Пара человек удерживала основание лестницы у земли, в то время как еще двое поднимали ее, идя по направлению к башне и удерживая стойки лестницы у себя над головой. Конец лестницы уткнулся в балкон.
— Толкай ее! Сбрось ее вниз! — закричали зуагирцы, и один начал тыкать своим мечем через решетку.
— Назад! — зарычал Конан. — Я сам побеспокоюсь об этом.
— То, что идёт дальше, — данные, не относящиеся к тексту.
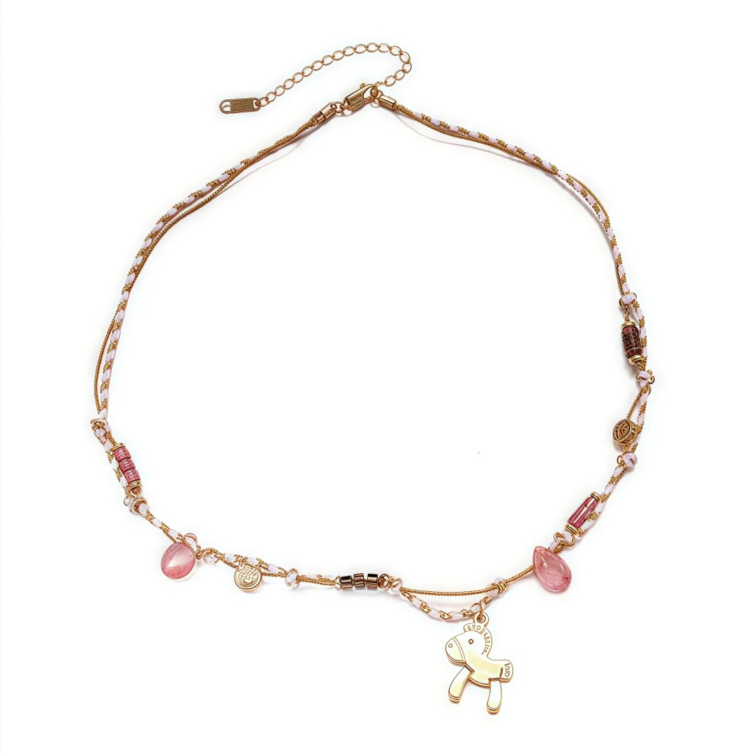 18k Gold Plated Stainless Steel Sweet Dopamine Natural Stone Braided Bohemian Pony Pendant Handmade Necklace for Women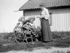 Tekla "Titti" Karlsson f. 1902 d. 1972. Ulla Britt Karlsson-Jägrud i barnvagnen. f. 1928. Flickan? Fotot taget i Göteborg 1928.

Он подождал, пока несколько человек начнут карабкаться по лестнице. Самым верхним из них оказался плотный парень с топором. Когда он замахнулся своим топором, чтобы разрубить хрупкую деревянную решетку, Конан просунул свою копье сквозь одну из дыр, размещенных как раз напротив перекладины, и толкнул его. Лестница качнулась назад. Люди на ней закричали и побросали свое оружие, схватившись за перекладины. Лестница и ее груз обрушились на передние ряды осаждавших.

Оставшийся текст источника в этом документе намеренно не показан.